魅惑のヴァンパイア
こんな小さな子供から、そうやって生きているなんて言葉が出てくるとは思わなかった。


こんな小さな子供から、励まされるなんて……。


「ねねちゃんも辛かったんだね。ありがとう」


 私はねねちゃんを抱きしめた。


自分の辛さがちっぽけに感じた。


 皆、痛みを背負って生きている。


こんな小さな子でも。
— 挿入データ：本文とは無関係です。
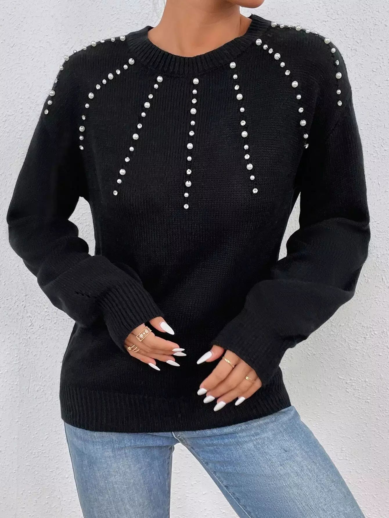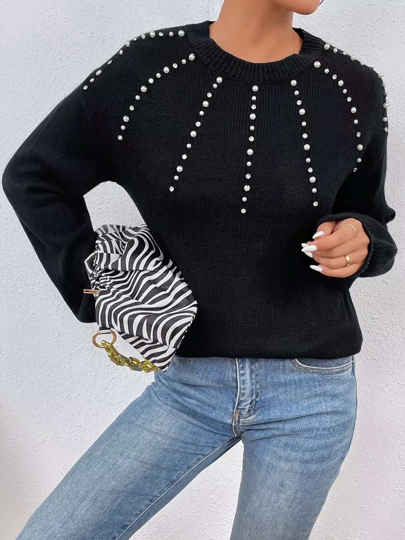 سترة منسدلة الأكتاف من اللؤلؤ

あんなに明るく見えた人達でも。


 身体に抱えきれないほどの、寂しさと悲しみを秘めながら、太陽の下では明るく元気に振る舞っているんだ。


そうやって、生きているんだ。


 生きるって、そういうことなんだ。


 もっと強くなりたい。


守られるだけじゃなくて、守る存在になりたい。


内気な自分、卑屈な自分を変えたい。


愛する人を守れる自分になりたい。


 私は、お腹の子を守る。


ヴラドと愛し合って授かったこの子を守る。


 お母さんが、弱虫だったら子供が笑えなくなる。


ねねちゃんのお母さん達みたいに、力強く生きたい。


「ねねちゃん、ありがとう。お姉ちゃん、これから頑張れそうだよ」


 ねねちゃんはとびきりの笑顔を見せた。


痛みを知る者は、その分、優しくなれる。


強くなれる。


 大丈夫、私は変われる。


だって、お母さんになるんだから。